Nichols to be busy through 2007

The economic forecast for the South End’s largest employer looks good for 2007 and beyond.

The economic forecast for the South End’s largest employer looks good for 2007 and beyond.

Nichols Brothers Boat Builders in Freeland continues to employ a healthy workforce of between 200 and 250 workers. And as it heads into a new year, the company seems to have more than enough work to take it into the future.

Matt Nichols, 59, chief executive officer of the Freeland boatyard, said the company’s workload is set for the next year.

And he said that’s a good place to be.

“We’re pretty much sold out through 2007,” he said.

“We are doing jobs we’re very familiar with tractor tugs and smaller passenger vessels,” he said.

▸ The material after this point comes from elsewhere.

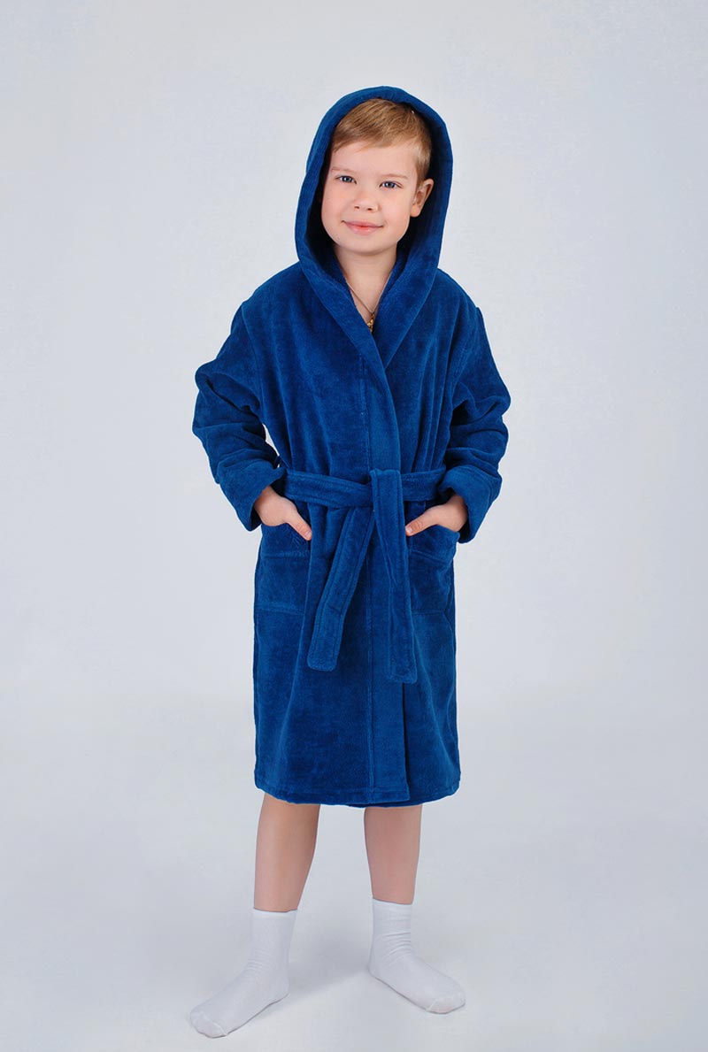 Халат детский велюровый "Непоседы" для мальчика (последний размер) синий 38

Nichols sat down for an interview in his office overlooking Holmes Harbor. Framed photographs of the many vessels built by Nichols employees at the Freeland yard cover the wall behind his desk.

“There is something romantic about boats,” Nichols said.

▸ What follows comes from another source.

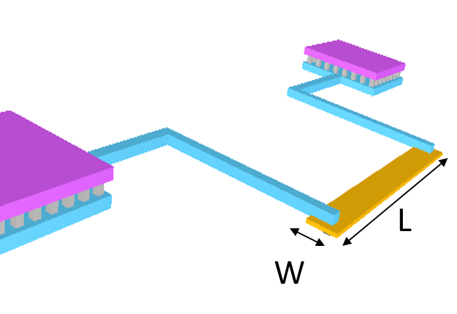 Im unteren Bild ist diese Struktur mit einer Weite W und einer Länge L

“We have a nice nest of work,” he added.

“But we can always use more.”

With the decline of the fishing industry in the early 1980s, the yard diversified by introducing high-speed catamarans to the passenger vessel market.

Since then, they have built 35 high-speed catamarans.

The company’s latest vessel: A car ferry for Pierce County that stretches 216 feet and has a capacity to carry 54 vehicles and 325 passengers.

Another contract that will take Nichols into the new year is an exposition yacht built for ExpoShips in Florida. The Grand Luxe is a 230-foot tour boat that will sail between 34 cities on the East Coast. It will be used to display fine works of art for sale and as a location for charity galas and gourmet dining.

The vessel is set to be delivered in March.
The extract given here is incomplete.